One final point is that whereas most of those who have completed the Corbetts have also been round all the Munros, and most who have completed the Grahams have also climbed all the Munros and Corbetts, there is much less of an overlap between Donalds and the other Scottish lists. Hence although the SMC has in recent years listed Donald completions as part of its online register of Munroists, this covers only those people who have completed the “senior” list.

Plenty of Donaldists have climbed a fair few Munros but not all of them, partly because of geography – the two lists occupy separate parts of Scotland, although in theory there could be a Munro in Galloway or the Borders – but also perhaps partly due to inclination, as the Donalds provide gentler fare, with no In Pinn-type obstacles, and this suits a certain type of hillgoing temperament.
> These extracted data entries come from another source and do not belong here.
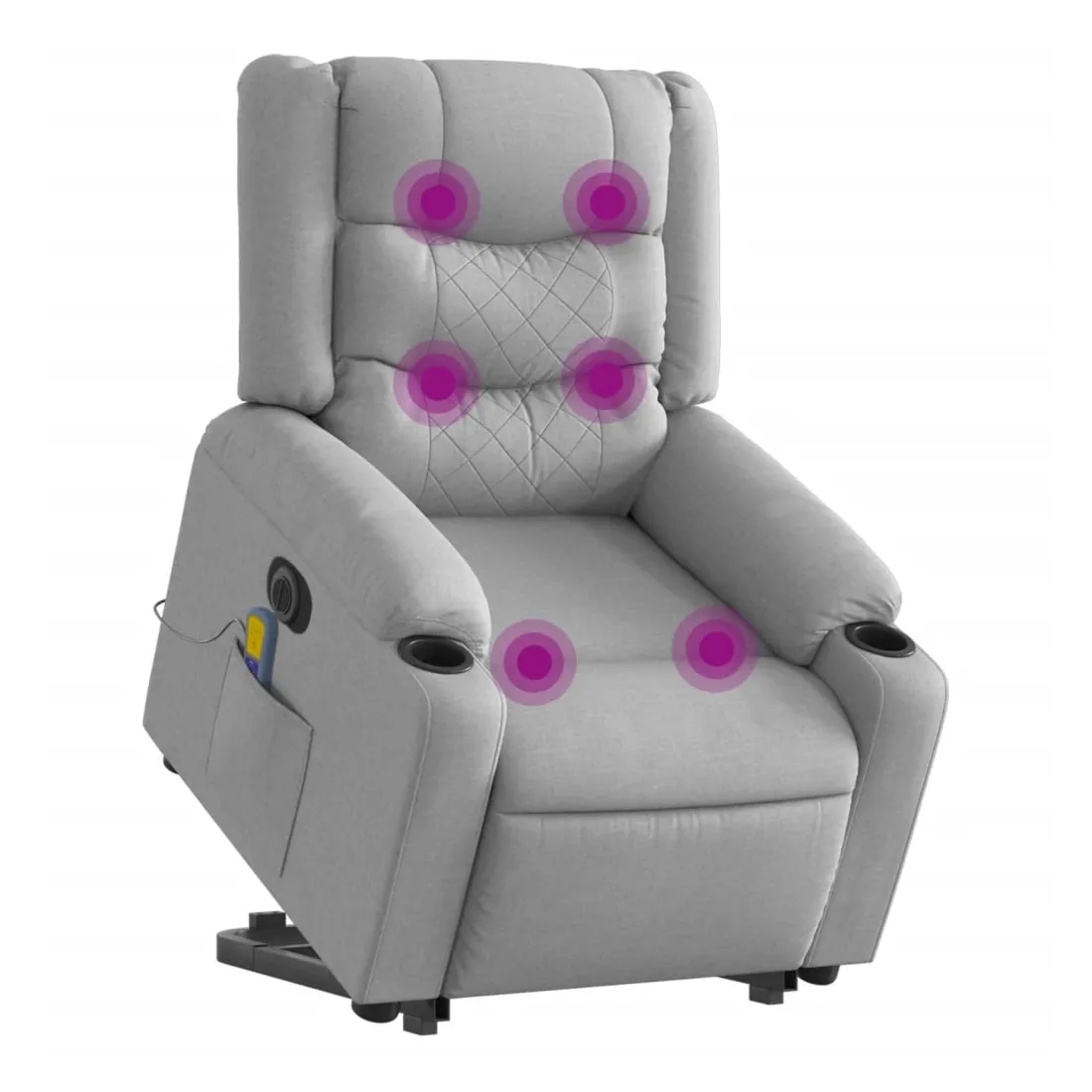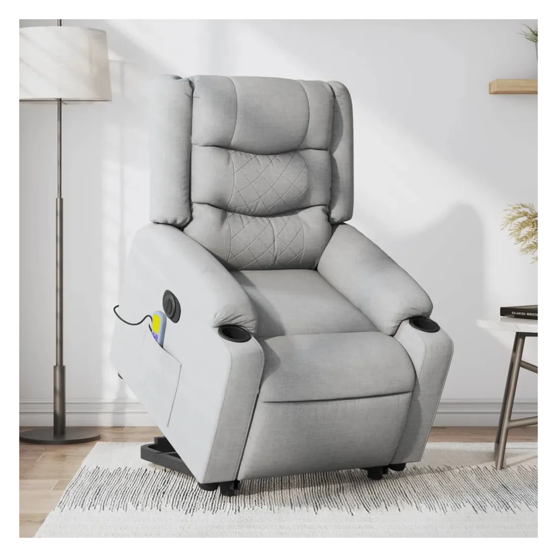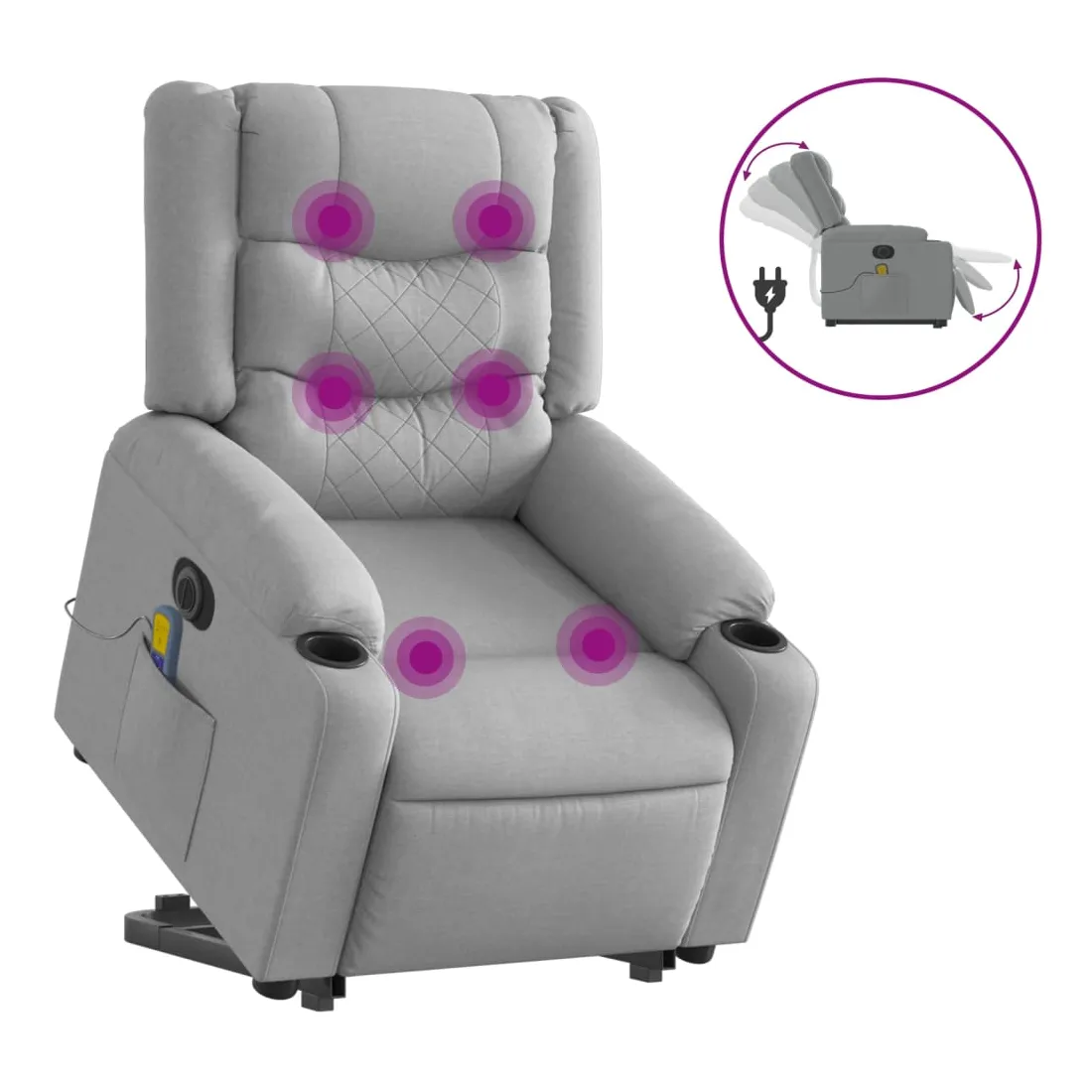 Asseyez-vous et détendez-vous dans ce fauteuil inclinable de massage électrique très confortable ! Fonction de levage électrique : ce fauteuil inclinable pour personnes âgées est équipé d'un moteur électrique pour la fonction de levage. Grâce à la fonction qui pousse toute la chaise vers le haut, vous pouvez facilement vous tenir debout sans stresser votre dos et vos genoux en appuyant simplement sur le bouton.Fonction d'inclinaison électrique : ce fauteuil inclinable est également équipé d'un moteur électrique qui permet de régler automatiquement le repose-pied et le dossier dans n'importe quelle position, selon votre confort, en appuyant simplement sur le bouton situé sur le côté du fauteuil. Cette fonction permet une inclinaison maximale de 135 degrés. En outre, le dossier peut revenir automatiquement à sa position d'origine par une simple pression sur le bouton.Fonction de vibration : les 6 points de massage vous permettent de faire l'expérience d'un massage mieux ciblé. De plus, la télécommande incluse vous permet de choisir différents programmes de massage. La fonction de massage est alimentée par le connecteur USB qui nécessite une source d'alimentation USB certifiée de 5 V (non fournie).Expérience d'assise confortable : le siège, le dossier et les larges accoudoirs bien rembourrés recouverts de tissu procurent une sensation confortable et chaleureuse, vous permettant de vous sentir enveloppé lorsque vous êtes assis. Le tissu présente un aspect simple et épuré et est respirant et durable.Poche latérale pratique : ce fauteuil est doté d'une poche latérale pour ranger votre télécommande ou garder vos objets essentiels à portée de main.Cadre solide et stable : le cadre en bois et en métal offre une structure solide et une grande stabilité. Ce fauteuil inclinable est confortable et durable.
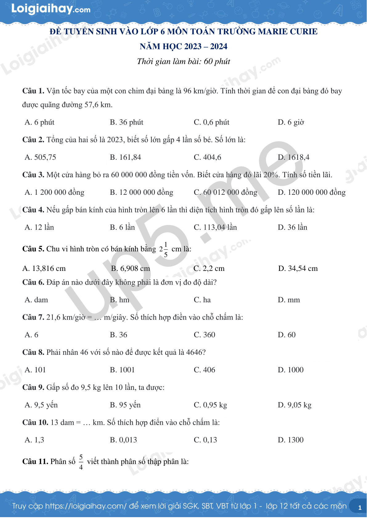 ĐỀ TUYỂN SINH VÀO LỚP 6 MÔN TOÁN TRƯỜNG MARIE CURIE
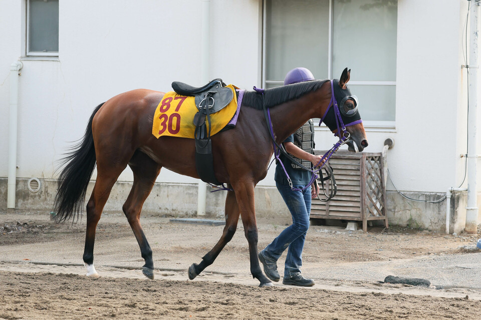ノーザンファーム天栄在厩。昨日9月25日(木)に到着したばかりですので、現在はウォーキングマシンのみの調整です。次走は福島開催を目指して調整する予定です。とのコメント。
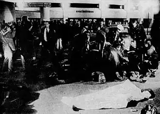 In September, the group made their first trip to the United States since 1976 for a series of shows at the Capitol Theatre in Passaic, New Jersey, and Madison Square Garden in New York City. A horn section was introduced to the band's act for the first time around this time. It would be retained through 1980. They returned to the States in November for an official tour, which was marred by tragedy when 11 fans were killed and 26 others were injured at a crowd crush before a concert at Riverfront Coliseum in Cincinnati on 3 December.[1] This led to the banning of festival seating in Cincinnati and many other cities and states around the United States for a considerable period.[2] The disaster also caused a scheduled concert for 17 December in Providence, Rhode Island, to be cancelled, leading to a second show in Landover, Maryland (the first was on 13 December) to be scheduled in its place. The group ended the year with a benefit appearance at the Hammersmith Odeon, London, on 28 December as part of the Concerts for the People of Kampuchea.[1]
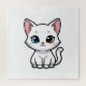 Cute sitting cat with heterochromia (blue and brown eyes).
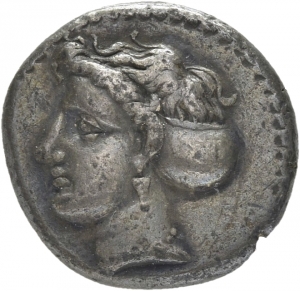 Obverse: Kopf der Nymphe Sinope mit Haarband (sphendone) nach l.
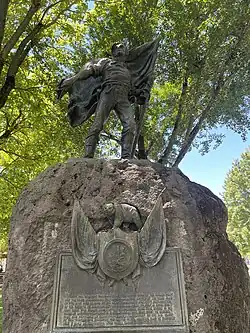 Before dawn on Sunday, June 14, 1846, thirty-three Americans, already in rebellion against the Alta California provincial government of Mexico, arrived in Sonoma. Some of the group had traveled from the camp of United States Army Brevet Captain John C. Frémont (1813-1890), who had entered California illegally from across the Great Plains and through the Rocky Mountains chain from the east in late 1845 with his exploration and mapping expedition. Others had joined along the way. As the number of immigrants arriving in California had swelled, the Mexican government barred them from buying or renting land and threatened them with expulsion because they had entered without official permission.[23][24] Mexican officials were concerned about the coming Mexican–American War of 1846-1848, with the United States coupled with the growing influx of American and other European immigrants into California, both by overland wagon trains from the east and by ship on the West Coast and Pacific Ocean.[25]
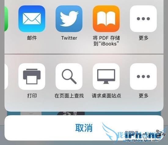 如果你在Safari中看到一个网页想把它保存下来,也支持把网站转换成PDF并保存在iBooks里。用户在Safari中点击分享按钮后就可以看到“将PDF存储到iBooks”选项了。
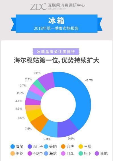 自年初欧睿国际公布海尔冰箱获得全球10连冠以来,海尔冰箱就赢得了媒体、用户以及行业的诸多关注。除《纽约时报》刊登世界冰箱业进入“中国时代”海尔领跑的消息外,近日,中关村在线互联网调研中心(ZDC)公布的2018年第一季度冰箱市场报告也显示:凭借唯一原创的全空间保鲜冰箱等优势产品,海尔冰箱在品牌关注度中占42.7%,稳居第1;冰箱产品关注度排行10强中,海尔独占6席,优势持续扩大。
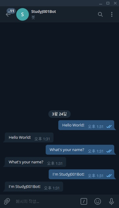 5. StudyJ001Bot ์คํ ํ, ๋ฉ์์ง ์ ์ก ํ์ธ
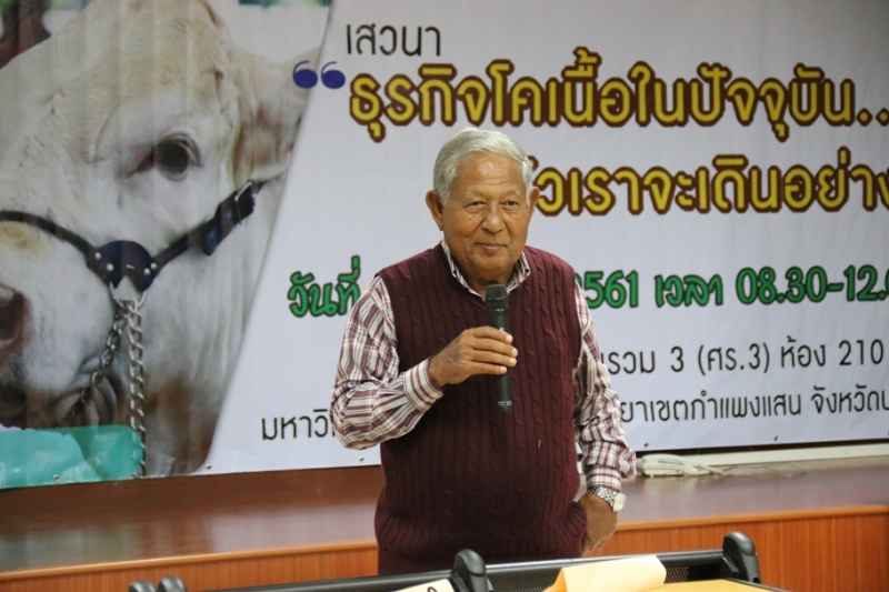 วันที่ 7 ธันวาคม 2561 ภาควิชาสัตวบาล คณะเกษตร กำแพงแสน จัดงานเสวนา เรื่อง ธุรกิจโคเนื้อในปัจจุบัน... แล้วเราจะเดินอย่างไร ได้รับเกียรติจาก ผศ.ดร. สิรินทร์พร สินธุสณิชย์ หัวหน้าภาคสัตวบาล กล่าวเปิดการเสวนา ณ ศร.3 ห้อง 210 มหาวิทยาลัยเกษตรศาสตร์ วิทยาเขตกำแพงแสน มีผู้สนใจเข้าร่วมฟังการสัมมนาจำนวนมาก
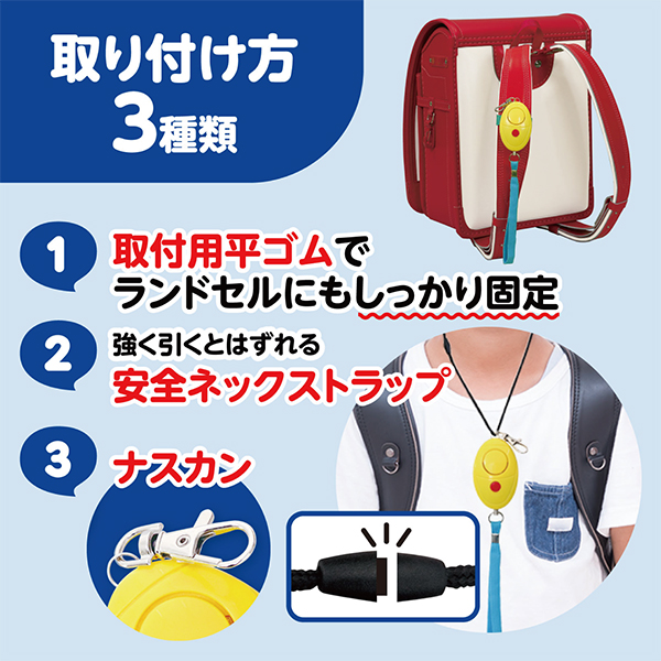 軽量コンパクトで持ち運びやすく、バッグやランドセルに取り付け可能。
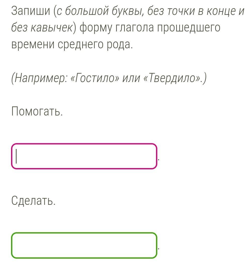 Запиши (с большой буквы, без точки в конце и без кавычек) форму глагола прошедшего времени среднего рода. (Например:
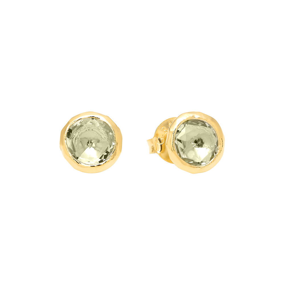 Bellissimi nella loro semplicità, in argento dorato, questi orecchini a bottone montano due cristalli verde lime con taglio rotondo incastonati "a giorno" da una fascetta elegante e minimal. Realizzati a mano in azienda.

A more natural crossover possibly comes with the Wainwrights, and anyone based in northern England or southwestern Scotland is well placed for chipping away at both categories.

Thanks, finally, to the various SMC clerks of the list – most recently David Broadhead – for their help over the years; also to Robin Campbell, the doughty and knowledgeable archivist at the SMC; and to the various completers and interested parties who have supplied information and thus helped to make the list the useful and (I hope) interesting resource that it is.